Donation commitments


6,045

67

67

805

6,984

Operating leases
6,911

11,281

9,996

8,498

7,368

36,116

80,170

Purchase obligations
6,646

4,870

451




11,967

Total
$
13,557

$
23,676

$
24,111

$
16,280

$
15,246

$
147,809

$
240,679


Naming Rights.     We are party to an agreement for naming rights and related benefits with respect to the Dolby Theatre in Hollywood, California, the location of the Academy Awards®. The term of the agreement is 20 years, over which we will make payments on a semi-annual basis until fiscal 2032. Our payment obligations are conditioned in part on the Academy Awards® being held and broadcast from the Dolby Theatre.
Donation Commitments.     During fiscal 2014, we entered into a non-cancelable obligation to donate and install imaging and audio products to the Museum of the Academy of Motion Picture Arts and Sciences in Los Angeles, California, and provide maintenance services for a fifteen-year period following the Academy's expected opening date in 2017.
Operating Leases.     Operating lease payments represent our commitments for future minimum rent made under non-cancelable leases for office space, including those payable to our principal stockholder and portions attributable to the controlling interests in our wholly owned subsidiaries.
Purchase Obligations.     Purchase obligations primarily consist of our commitments made under agreements to purchase goods and services for purposes that include IT and telecommunications, marketing and professional services, and manufacturing and other research and development activities.
Indemnification Clauses.     On a limited basis, our contractual agreements will contain a clause under which we have agreed to provide indemnification to the counterparty, most commonly to licensees in connection with licensing arrangements that include our intellectual property.
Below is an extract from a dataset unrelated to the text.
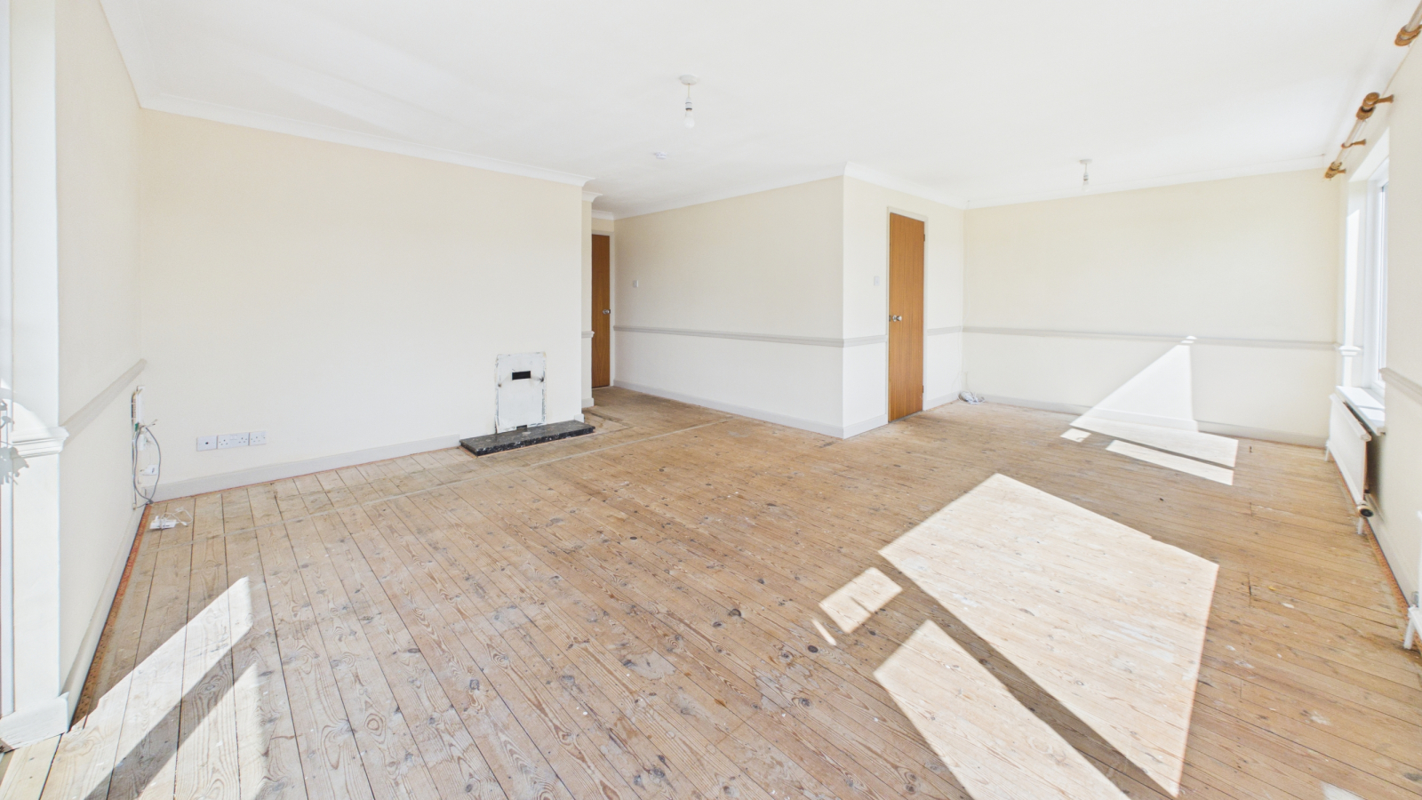 Two double glazed windows to the front with views over Copperhouse Pool, two radiators, double glazed sliding patio doors to the side, stone hearth and recess previously housing the fire (not in use). Door to:

Additionally, and although not a contractual requirement, we have at times elected to defend our licensees from third party intellectual property infringement claims. Since the terms and conditions of our contractual indemnification clauses do not explicitly specify our obligations, we are unable to reasonably estimate the maximum potential exposure for which we could be liable. Furthermore, we have not historically made any payments in connection with any such obligation and believe there to be a remote likelihood that any potential exposure in future periods would be of a material amount. As a result, no amounts have been accrued in our consolidated financial statements with respect to the contingent aspect of these indemnities.